In summary, the basic hallmarks of Gonzo journalism are:
- First-person narration.
- Dialogue complete with vernacular.
- Lots and lots and lots of detail.
From late morning a helicopter had been flying and buzzing around in the sky. I decided to head out in the direction it was circling and see if I could find out what was going on. The helicopter would fly around the area, always seeming to return to hover in one position for several minutes before flying off again. The drone constantly audible.
It wasn’t long before I came across a weather-beaten, older man dressed in baggy grey trousers, a long sleeved, hole peppered shirt, which had probably once been white, and a worn felt wide brimmed hat.

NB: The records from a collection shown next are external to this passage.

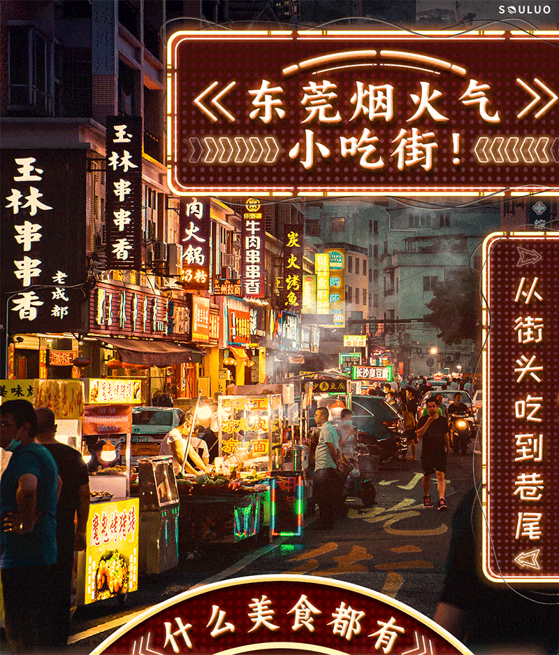 幾百米的距離,擺滿街的路邊攤、走鬼檔,從街頭到巷尾, 炒粉燒烤煎餅水果... 各地的小吃在這裡幾乎都能找到!甚至還能找到一些“網紅爆款”美食~接下來,帶你打卡東莞超火的7傢小吃街!
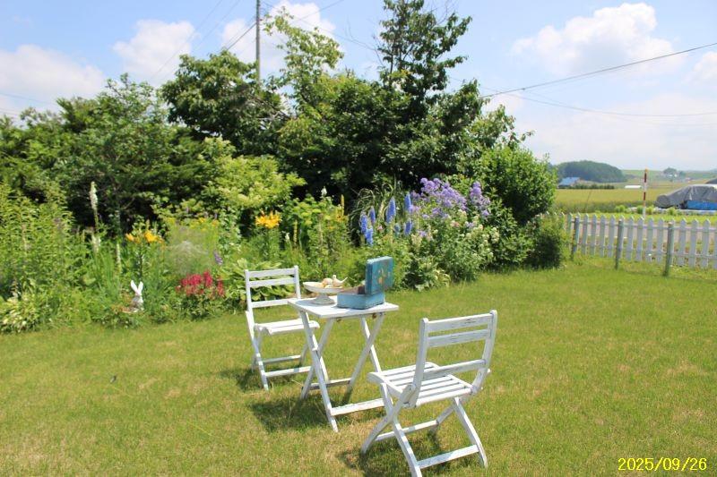 間取り図内の納戸は部屋に改造済。自然が豊かで虫と野鳥が多いです。敷地の約半分は芝生やお花畑。パーゴラの下でBBQできます。大きな倉庫兼ガレージあります。「丘の町美瑛」ですが、丘のホワイトアウトの吹雪より平地が住みやすい。
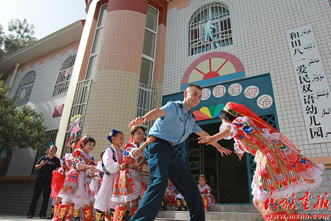 民族團結是國家統(tǒng)一、繁榮昌盛的前提和保證,各民族“共同團結奮斗,共同繁榮發(fā)展”是我國民族工作的主題。全國各地扎實開展民族團結進步創(chuàng)建工作,平等團結互助和諧的社會主義民族關系進一步鞏固和發(fā)展。2011年,空軍駐新疆和田某指揮所首次投資80萬元,開辦了和田八一愛民雙語幼兒園,讓30個家庭的孩子進入雙語班成為首批“藍天春蕾兒童”。圖為維吾爾族戰(zhàn)士艾力夏提和該園兒童一起玩老鷹捉小雞游戲?!睹褡瀹媹蟆?011年第11期
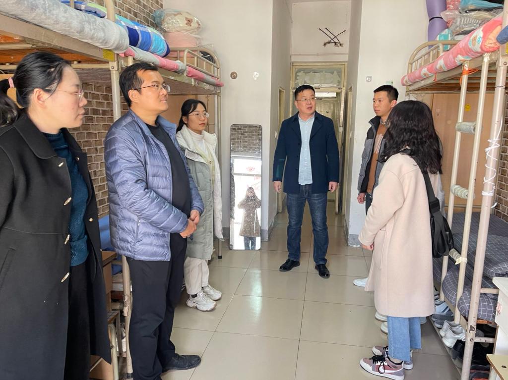 老师们与同学们亲切交流,了解同学们假期生活、学习情况和返校后的思想动态,随后仔细查看了学生宿舍的安全、卫生等方面存在的问题,详细询问了同学们的学习、生活等方面的情况和存在的问题,勉励同学们新的学期要把握青春时光,珍惜学习机会,积极广泛参加各种社会实践活动,全方位提升自己。最后,许言强强调:一要认真做好个人卫生,勤洗手,做好每日体温监测上报,减少聚集,做好疫情防控的日常管理工作。二要注意安全用电、提高防火防盗意识,严禁使用大功率电器、酒精炉等易燃易爆物品;三要自觉保持宿舍干净整洁,做到卫生安全不留死角、安全文明常抓不懈。
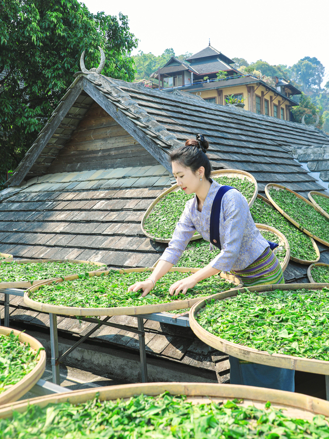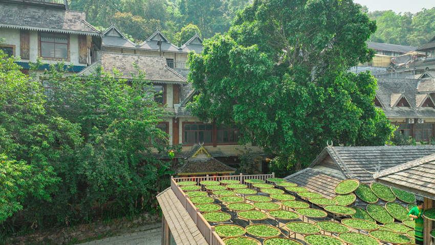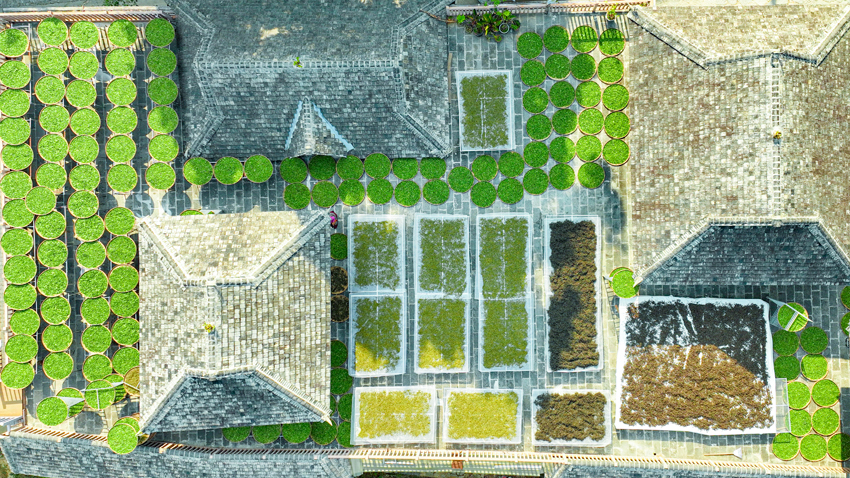 Сушка чая на крышах — это не просто старинный обычай: кровля обеспечивает листу обилие солнечного света, а зазор между подносом и черепицей создает естественную вентиляцию и защищает от почвенной влаги, сохраняя неповторимый горный аромат.
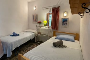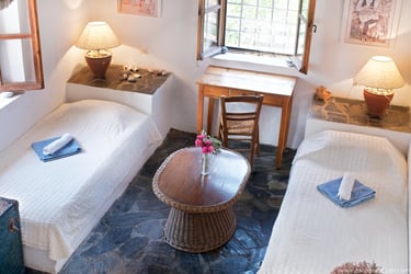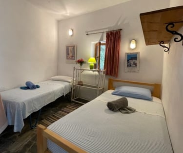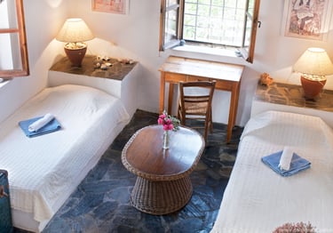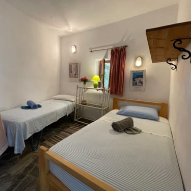 Trivelig rom med to enkeltsenger og delt bad, for deg som ønsker en enkel og rimelig løsning.
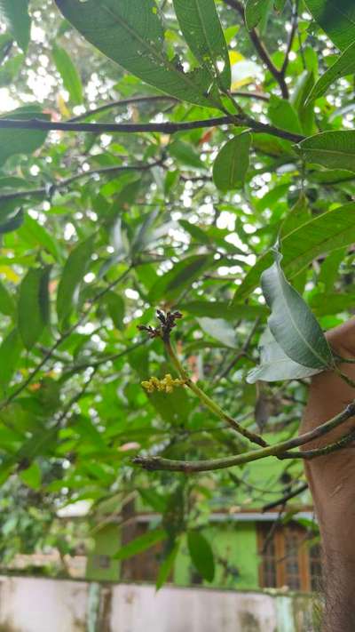 The tree is a bud mango tree. I don't know which variety it is. It gives just one or two fruits a year and the rest of the flowers just dries up and blackens and is lost.
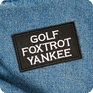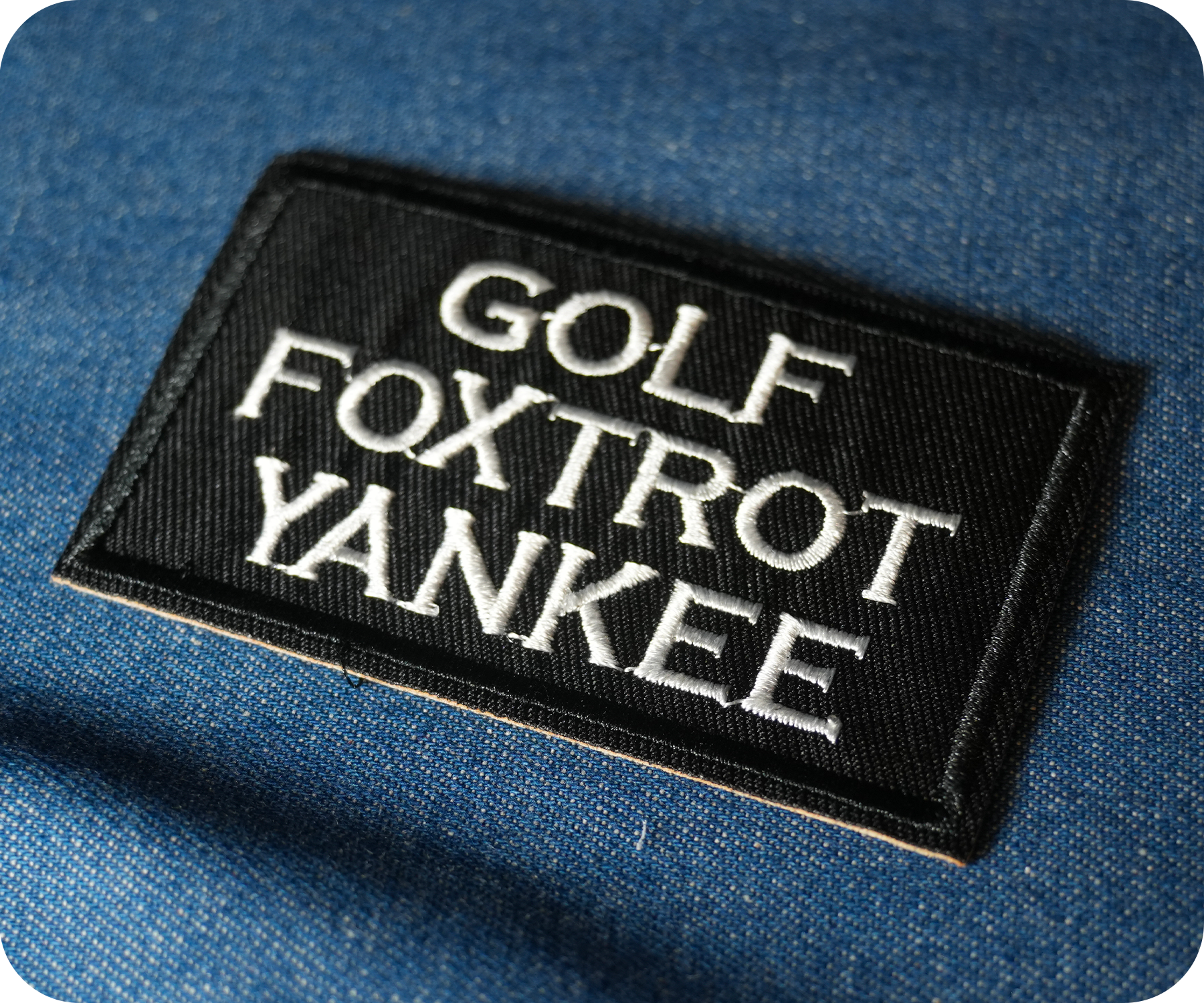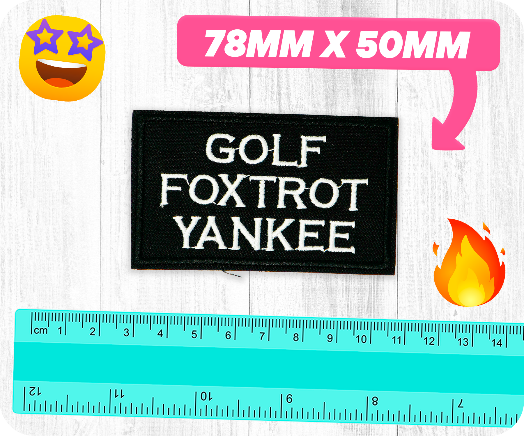 GFY Gold Foxtrot Yankie Funny Black Badge Iron On Patch (7.8 x 5cm)

He held out his hand in greeting, his lined face turning into a multitude of ravines as he smiled at me.
“What’s happening?” I asked him.
“ The Westpac rescue helicopter flew over this morning goin’ to an accident and spotted a crop of marijuana growing in the hills. Size of a couple of football fields theys reckon. So well disguised it was theys couldn’t find it on foot and had to send in de police helicopter to find it. Would’a taken ‘im days to build them terraces they say are up there. All set up with automatic water. Ready to harvest. Couple of million dollars worth. We knew something was goin’ on there. A few people had told the local police they suspected something, but they didn’t want to know. Couldn’t ignore it when Westpac reported it.”
At that moment the man’s neighbour drove up and stopped. Everyone was buzzing with the news. “They could have caught him. All they had to do was stake out Jim’s place by watching it from my place. Every day he used to go up that mountain. They could have just watched and followed and caught him at it.” Robbie said.